I was doing only fixes and small enhancements on that application, but I'll remember it forever due to its bright and genial configuration-relating design.

That application's configuration, as was the case also for other applications by the same author, was "designed" around the Multiple Configuration Points conceptual antipattern: it wasn't stored in a single, well defined, simple accessible place, but in multiple, differently implemented respositories:
  • part of the configuration was read from an "ini" file: the file was processed without using some kind of library, but reading the raw input and counting rows: at row #X, parameter Y - oh, yeah!
  • the remainder part of configuration cames from a MS Access File (may god forgive him! - if a god exists) and was accessed using OLE DB support and SQL queries (this part of the configuration was modifiable through the application itself)
So, in one application, and only with regard to configuration management, you can list several architectural antipatterns:
  1. Multiple Configuration Points: configuration spawned in multiple, heterogeneous repositories
  2. Reinventing The Wheel: "ini" file read through home-made procedure
  3. Brittle configuration: formatting-depandant "ini" file semantics
  4. Tightly coupling to external libraries versions: MDB configuration file could be read without errors  only when the MS Access' version on the host machine was the version for which the application was compiled - otherwise, the application wasn't ever able to start. And if the MDB file was modified using a most recent version, it became unreadable for the application...

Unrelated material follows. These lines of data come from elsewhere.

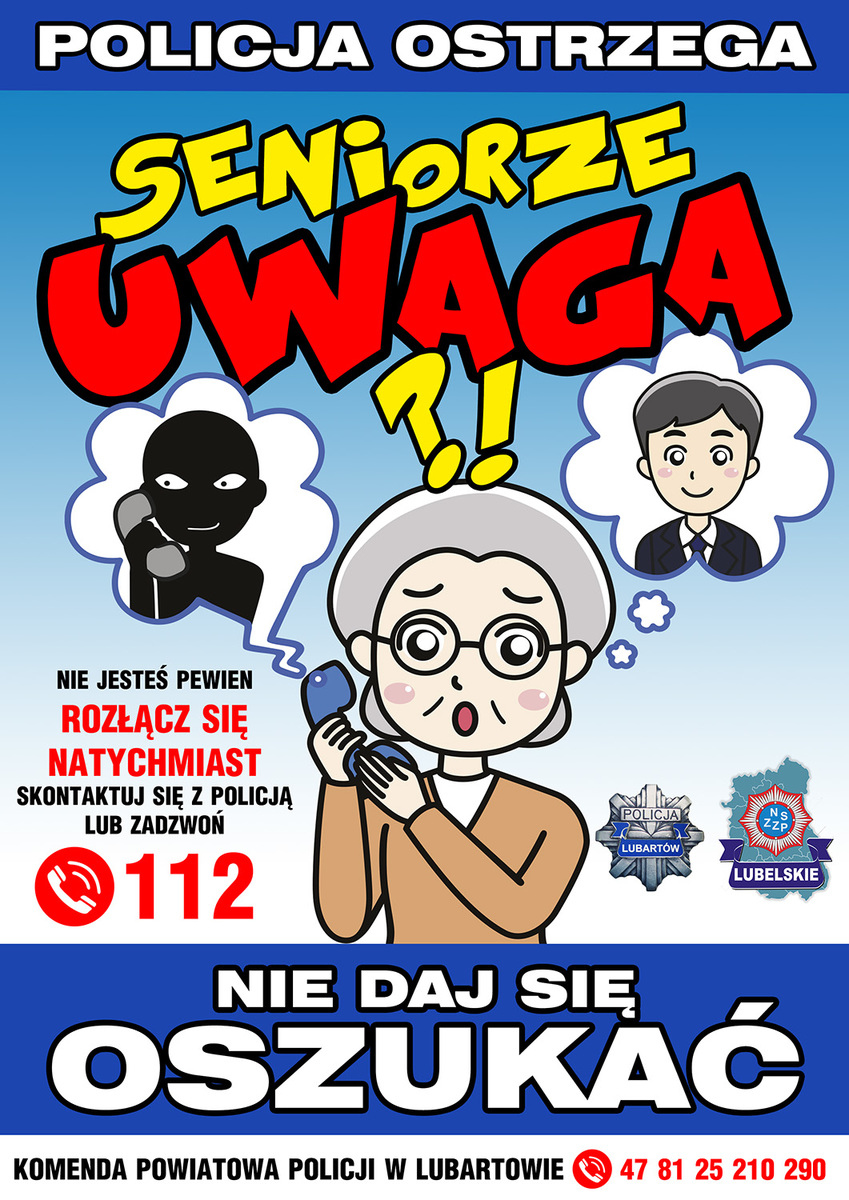 Policjanci z Lubartowa w ramach akcji ,,Seniorze, nie daj się oszukać” spotkali się dzisiaj z seniorami w miejscowości Serniki. Tematem przewodnim spotkania były oszusta -,,na policjanta, wnuczka czy pracownika spółdzielni".
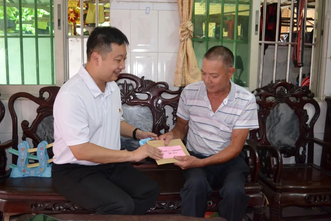 “生活上有什么困難?”“家里近況可好?”當(dāng)天下午,黃聲群一行來到陳炎根家中,為他送上慰問金,認真傾聽其實際困難和生活需求,感謝根叔為黨和人民所作出的貢獻。
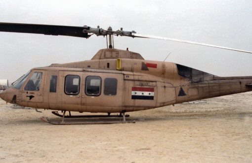 The Bell 214 was developed as a specialised heavylift helicopter from the Bell 205 “Huey” by installing a 2,950 hp T5508 engine. The principal military user was Iran, with plans to licence manufacture the type in the late 1970’s, but these fell through with the downfall of the Shah.
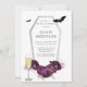 Vous aimerez ces fleurs de pivoines violettes et ces faux cercueils en feuille d'argent avec des chauves-souris noires éffrayantes. Correspond aux invitations à correspondre.
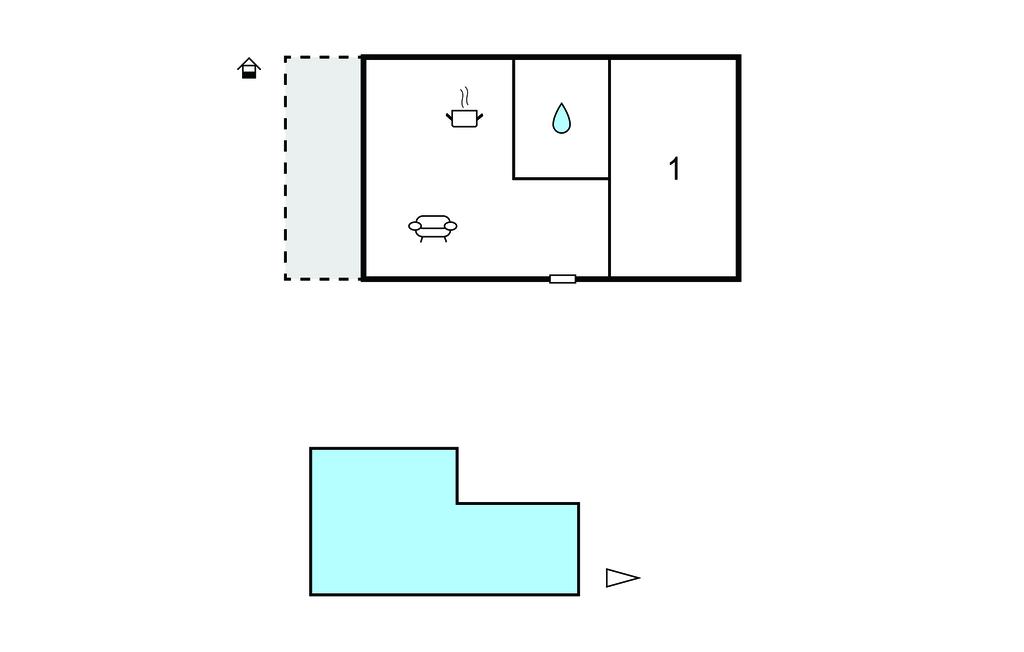 Opholdsstue/køkken 20m2 - 2 Sovepladser. (Sofa, madras eller lignende).
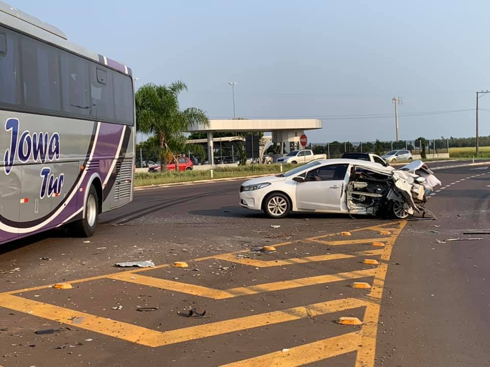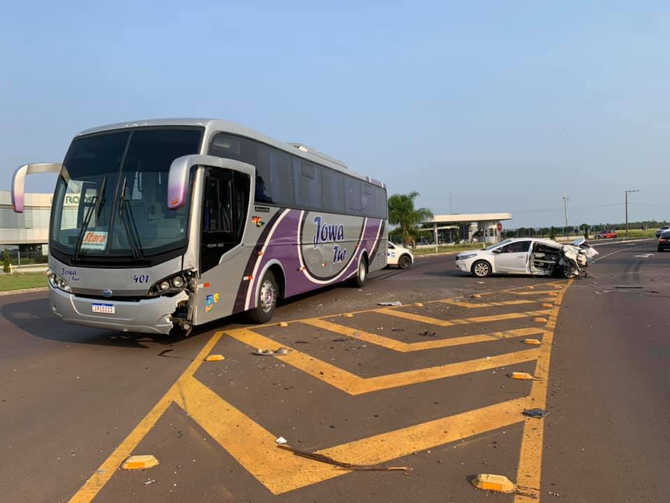 O acidente envolveu um ônibus e um veículo Kia Ceratto com placas de Passo Fundo.

And - final masterpiece: that application, which used relational DB for (partial) configuration management, did not use any type of database for business data storage and inter-application communication purposes: data storage was performed writing sequental text files with fixed-length records, and applications interested in data interchange read the same files (code reading and writing records was naturally duplicated between applications, not extracted in a common library).

I've got the flu, these days... but even conceive of such an architecture must have required a great fever... isn't it?